# 8 Words with 2 Meanings



## DaveDragon (Mar 20, 2009)

Eight Words with two Meanings

1. THINGY (thing-ee) n..
Female....... Any part under a car's hood.
Male..... The strap fastener on a woman's bra.

2. VULNERABLE (vul-ne-ra-bel) adj.
Female.... Fully opening up one's self emotionally to another.
Male..... Playing football without a cup.

3. COMMUNICATION (ko-myoo-ni-kay-shon) n .
Female.... The open sharing of thoughts and feelings with one's partner.
Male... Leaving a note before taking off on a fishing trip with the boys..

4. COMMITMENT (ko- mit-ment) n.
Female.... A desire to get married and raise a family.!
Male...... Trying not to hit on other women while out with this one.

5. ENTERTAINMENT (en-ter-tayn-ment) n.
Female.... A good movie, concert, play or book.
Male...... Anything that can be done while drinking beer.

6. FLATULENCE (flach-u-lens) n.
Female..... An embarrassing byproduct of indigestion.
Male....... A source of entertainment, self-expression, male bonding.

7 MAKING LOVE (may-king luv) n.
Female....... The greatest _expression of intimacy a couple can achieve.
 Male.. Call it whatever you want, just as long as we do it.

8.. REMOTE CONTROL (ri-moht kon-trohl) n.
Female.... A device for changing from one TV channel to another.
Male... A device for scanning through all 375 channels every 5 minutes.

AND;
He said . I don't know why you wear a bra; you've got nothing to put in
it.
She said . . You wear pants don't you?

He said . . .... Shall we try swapping positions tonight?
She said That's a good idea - you stand by the ironing board while I sit
on the sofa and fart!

He said .... What have you been doing with all the grocery money I gave
you?
She said .....Turn sideways and look in the mirror!

He said . . Why is it difficult to find men who are sensitive, caring and
Good- looking?
She said ..... . . They already have boyfriends.
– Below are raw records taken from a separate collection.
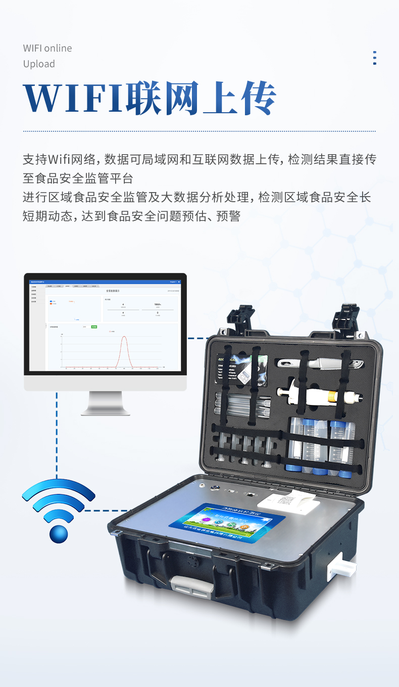 13、支持Wifi網(wǎng)絡(luò),數(shù)據(jù)可局域網(wǎng)和互聯(lián)網(wǎng)數(shù)據(jù)上傳,檢測結(jié)果直接傳至食品安全監(jiān)管平臺。進(jìn)行區(qū)域食品安全監(jiān)管及大數(shù)據(jù)分析處理,檢測區(qū)域食品安全長短期動態(tài),達(dá)到食品安全問題預(yù)估、預(yù)警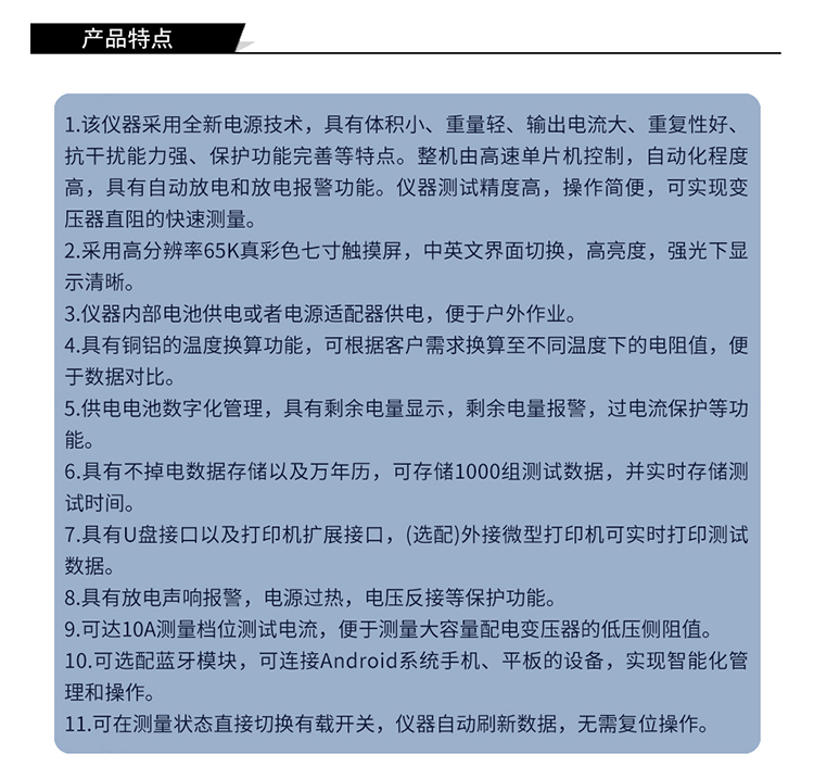3)仪器测试精度高,操作简便,可实现变压器直阻的快速测量。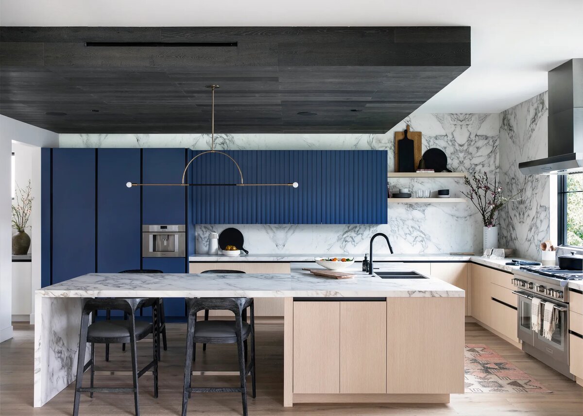 Темно-синие шкафы на кухне создают ощущение расслабленной роскоши и служат классической основой для любого стиля дизайна.

He said .. Why are married women heavier than single women?
She said . . Single women come home, see what's in the fridge and go to
bed. Married women come home, see what's in bed and go to the fridge.


----------



## laurarfl (Mar 20, 2009)

LOL, I should send this to my husband!


----------



## jamieson (Mar 31, 2009)

this is a unique thing..! 8) 
kinda different when it comes of giving meaning between men and women!


----------